“Probably,” grinned Carl, “with a surf washing twenty feet up on the rocks! Why,” he continued, “there wouldn’t be enough of us left in a minute to wad a gun.”

“The Louise will make it all right!” Jimmie insisted. “I’ve pulled her into the air in less than two hundred feet!”

“The Bertha can make anything the Louise can,” Ben answered rather impatiently. “I’ll go first with Kit and see what the prospects are,” he continued. “If I’m not killed, you can follow.”

Kit shivered as he stepped into the seat.

“I wish right now,” he grumbled, “that I was asleep in Robinson’s barn.”

“Steady now, hold her right!” Jimmie called out, as Ben pressed the starter and the wheels under the aeroplane began to revolve. “Hold her tight and steady, and push on the bottom of the seat when you get over the ocean. If you drop, whistle!”

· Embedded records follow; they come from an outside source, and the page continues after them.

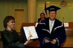 В тот же день находившемуся в Астане с визитом Валдису Затлерсу был вручен диплом почетного доктора Академии государственного управления Казахстана.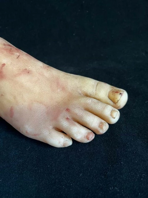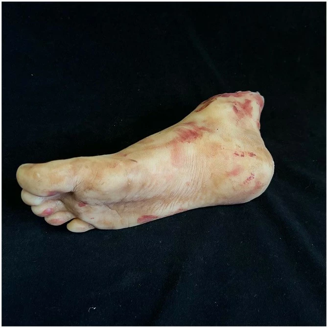 Life cast female foot. Sculpted and hand painted by a US horror artist for the SFX industry.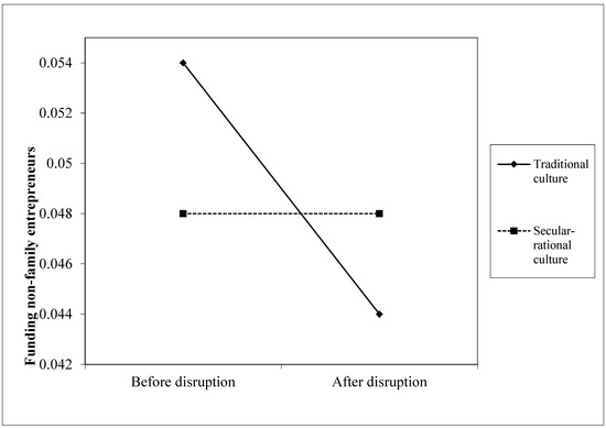 Effects of disruption and secular-rational culture on funding of non-family-related entrepreneurs.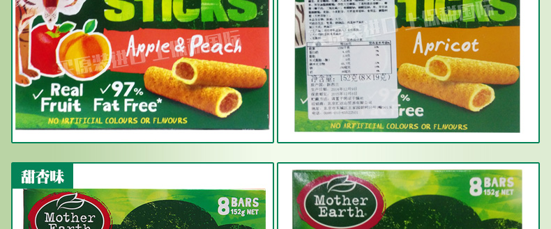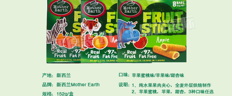 新西蘭Mother Earth 媽媽農(nóng)場夾心水果麥條 蘋果蜜桃味/蘋果味/甜杏味 3種口味任君挑選 休閑辦公零食 152g/盒 |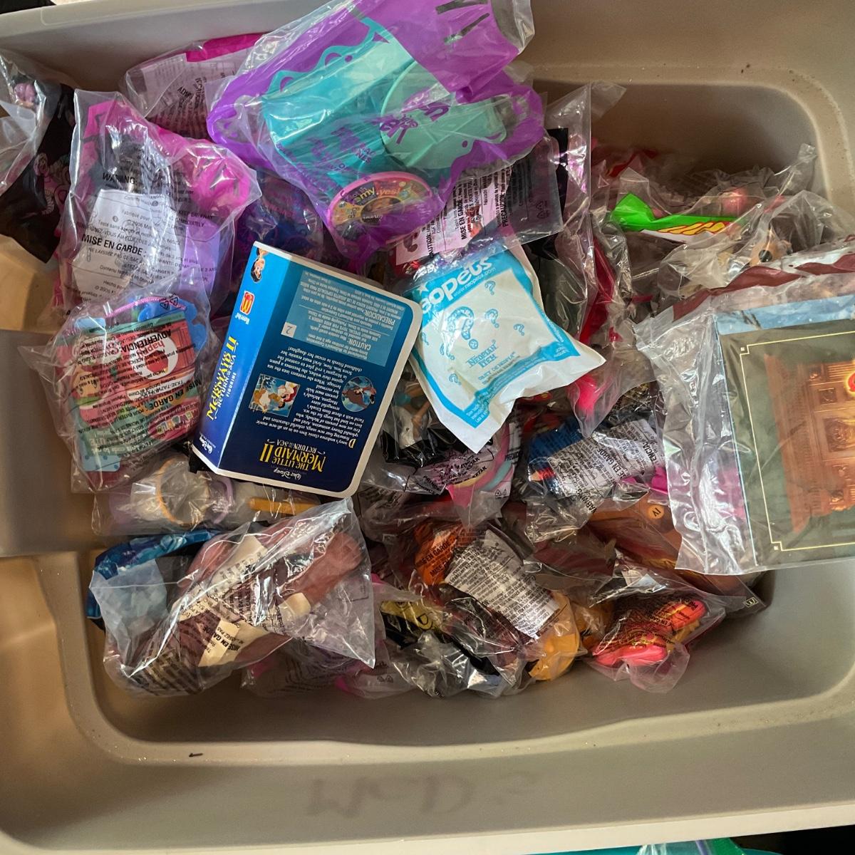 Entire large Tub of unopened Happy meal toys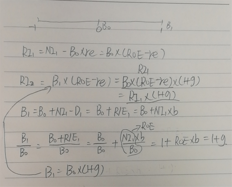这边只要ROE和b是不变的,而且clean surplus relation成立,那RI之间也会按g的速度增长。下面是推导,你可以看一下。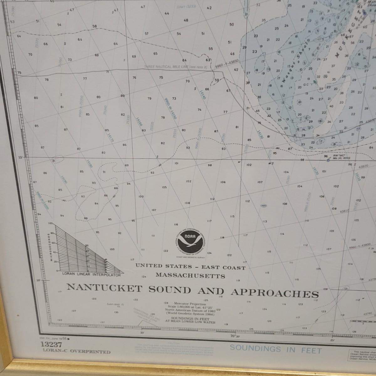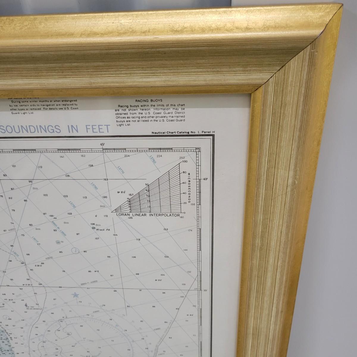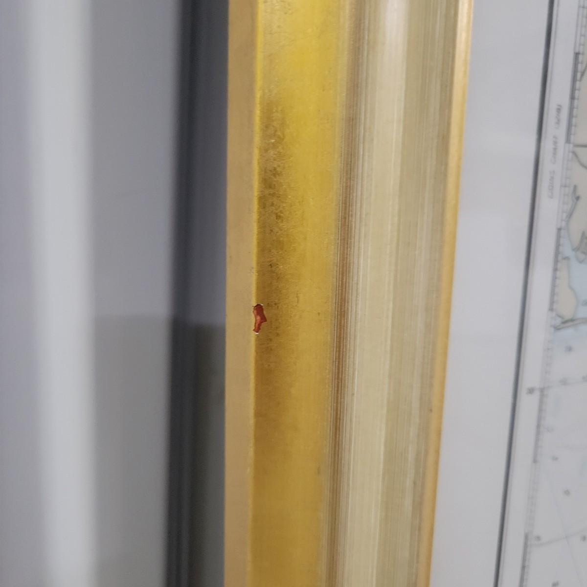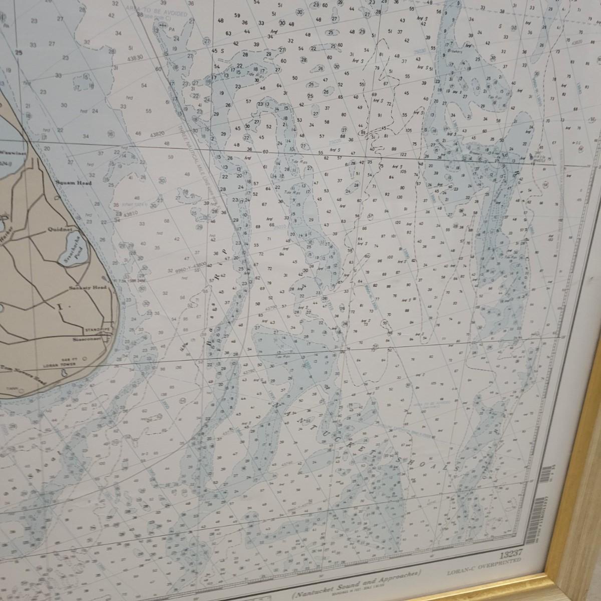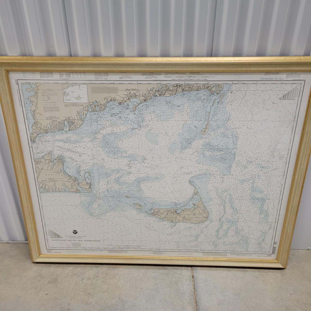 A large nautical map of Nantucket Sound and its approaches in a distressed gold frame. In good condition with a few minor blemishes on the frame. Backing paper is a little torn and hanging wire will need to be attached to hang. See attached pictures. Measures approximately 48" x 38" x 1.5"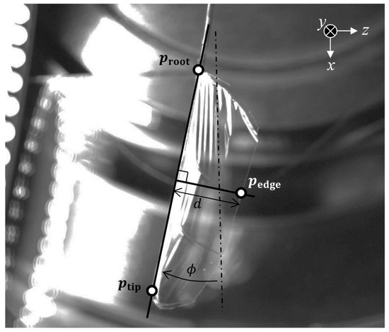 Figure 7 shows a typical image of the actuated wing. We tracked the tip and root and the tip position of the leading edge, and , respectively, and a position on the lower edge of the wing, , based on the images to estimate and . was simply calculated as the angle between and the x-axis. was estimated by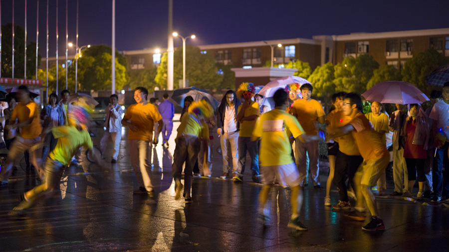 當最后一名夜跑者回到主場地時,天公不作美地下起了雨,而且雨量還不小,但是所有在場人員都選擇了堅持,大家冒雨進行了兩輪激烈的“撕名牌”大戰,僅管因為下雨場地濕猾,大家的熱情與活力卻迸發得更加熱烈,經過三輪角逐,星星家電代表隊摘得本次名牌大戰的桂冠,在主持人宣布這一消息之時,家電全體在場人員在雨中雀躍歡呼,參賽隊員更是揮動著手中的“彩虹頭套”互擁互抱,場面極其壯觀!

“Cut it out, you little idiot!” stormed Carl. “That’s no fool of a trick Ben’s trying to do! The air massed before and under the machine as it moves along over the ground will push over the precipice, and then the aeroplane will shoot downward, no matter if the wheels do leave the surface before she comes to the edge.”

“That will be all right, if she comes up again!” Jimmie grinned.

“Perhaps you wouldn’t feel so merry over the proposition if you were going in the first machine,” Carl said, impatiently.

“Huh!” grunted Jimmie with an exasperating smile, “we’ve got to go over the precipice, too, haven’t we?”